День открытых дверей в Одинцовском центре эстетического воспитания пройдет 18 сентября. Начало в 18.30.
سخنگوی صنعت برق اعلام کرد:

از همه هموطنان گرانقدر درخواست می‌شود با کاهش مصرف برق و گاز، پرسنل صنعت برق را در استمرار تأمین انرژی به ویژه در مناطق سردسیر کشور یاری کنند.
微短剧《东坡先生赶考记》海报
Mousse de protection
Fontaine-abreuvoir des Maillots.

☆ ☆ ☆ ☆

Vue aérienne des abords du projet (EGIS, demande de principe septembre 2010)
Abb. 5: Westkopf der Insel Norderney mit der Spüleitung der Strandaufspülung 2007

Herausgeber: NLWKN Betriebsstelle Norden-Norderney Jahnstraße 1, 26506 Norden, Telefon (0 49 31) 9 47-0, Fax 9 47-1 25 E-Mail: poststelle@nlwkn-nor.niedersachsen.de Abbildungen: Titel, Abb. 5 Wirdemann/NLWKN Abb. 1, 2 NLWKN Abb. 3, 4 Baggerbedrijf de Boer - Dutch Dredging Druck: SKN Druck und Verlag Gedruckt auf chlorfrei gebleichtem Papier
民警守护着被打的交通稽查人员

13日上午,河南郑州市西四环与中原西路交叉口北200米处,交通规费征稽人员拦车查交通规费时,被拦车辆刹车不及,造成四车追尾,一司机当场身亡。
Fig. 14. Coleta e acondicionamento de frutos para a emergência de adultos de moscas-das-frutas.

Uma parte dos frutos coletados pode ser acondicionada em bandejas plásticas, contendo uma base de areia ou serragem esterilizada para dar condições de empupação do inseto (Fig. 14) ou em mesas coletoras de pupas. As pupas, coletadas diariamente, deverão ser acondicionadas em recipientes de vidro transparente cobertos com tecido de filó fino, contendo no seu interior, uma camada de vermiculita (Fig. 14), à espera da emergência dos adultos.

☆ ☆ ☆ ☆

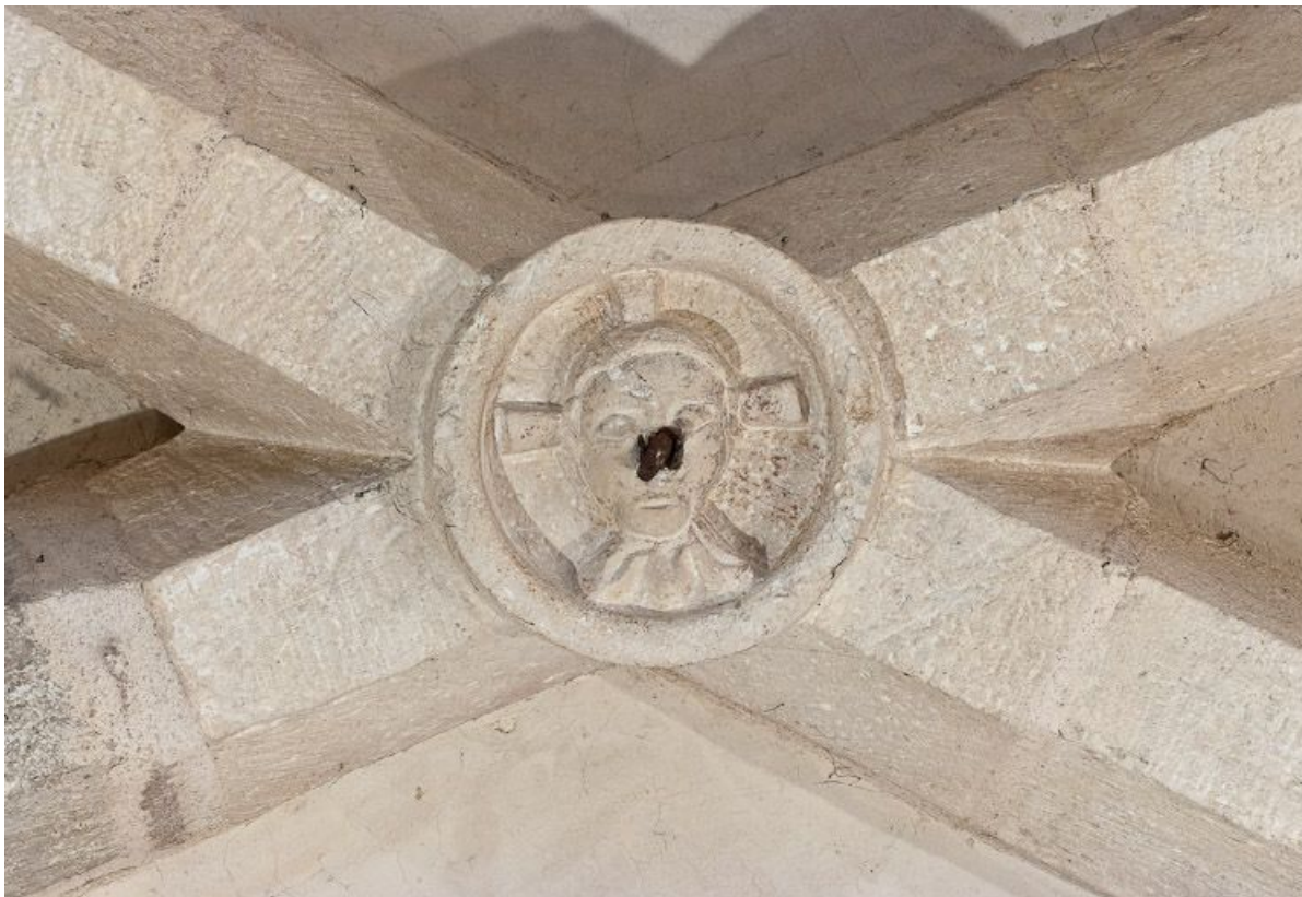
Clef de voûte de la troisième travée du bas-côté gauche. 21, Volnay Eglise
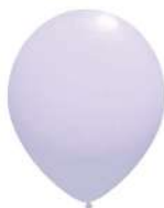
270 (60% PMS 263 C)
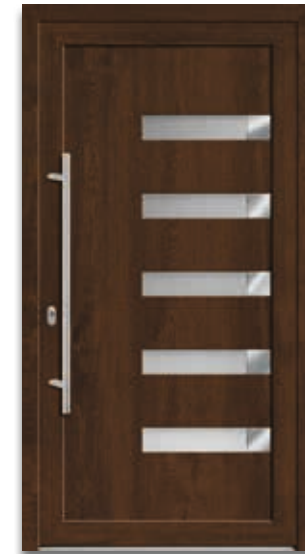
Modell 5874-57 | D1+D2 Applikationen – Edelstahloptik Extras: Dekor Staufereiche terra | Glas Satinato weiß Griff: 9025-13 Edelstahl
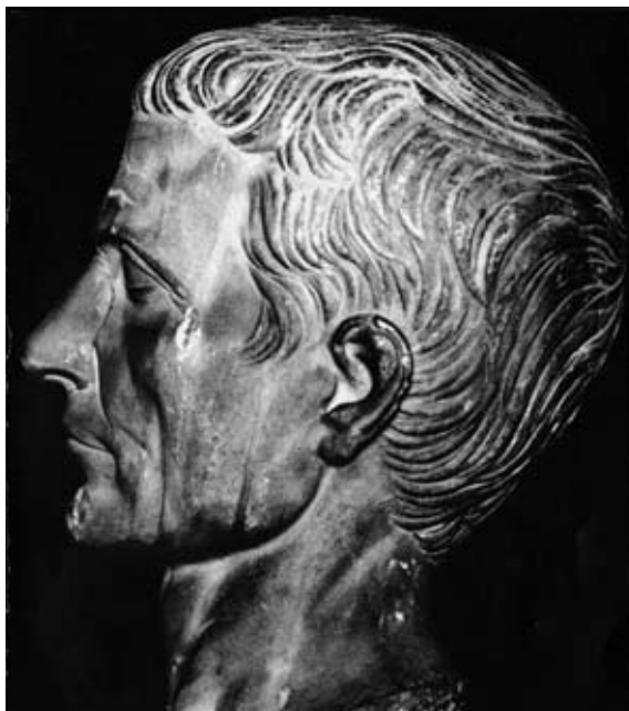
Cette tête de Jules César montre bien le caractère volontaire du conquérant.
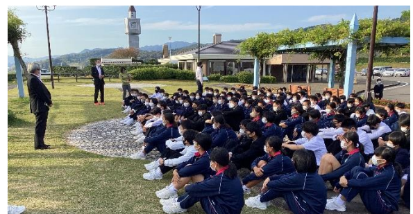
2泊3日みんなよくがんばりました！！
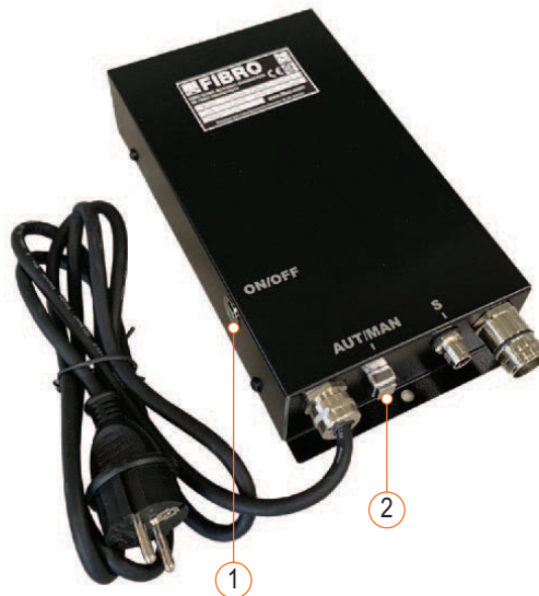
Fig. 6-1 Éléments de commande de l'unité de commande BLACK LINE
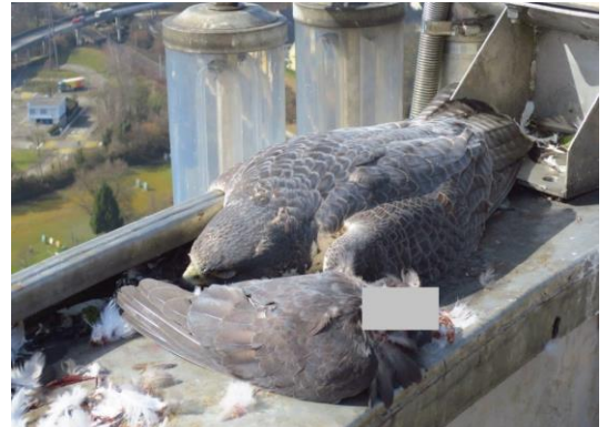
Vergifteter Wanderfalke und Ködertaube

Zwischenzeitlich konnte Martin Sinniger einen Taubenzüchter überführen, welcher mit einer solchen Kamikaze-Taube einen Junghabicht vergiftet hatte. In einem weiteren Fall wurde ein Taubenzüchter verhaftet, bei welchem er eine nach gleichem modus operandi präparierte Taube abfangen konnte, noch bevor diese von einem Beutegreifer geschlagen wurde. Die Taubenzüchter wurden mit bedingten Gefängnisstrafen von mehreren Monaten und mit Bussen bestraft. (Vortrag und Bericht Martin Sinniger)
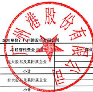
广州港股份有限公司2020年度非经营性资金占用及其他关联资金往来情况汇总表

☆ ☆ ☆ ☆

In the records above, find each line that holds the word "صنعت"; copy all such lines.

سخنگوی صنعت برق اعلام کرد:
از همه هموطنان گرانقدر درخواست می‌شود با کاهش مصرف برق و گاز، پرسنل صنعت برق را در استمرار تأمین انرژی به ویژه در مناطق سردسیر کشور یاری کنند.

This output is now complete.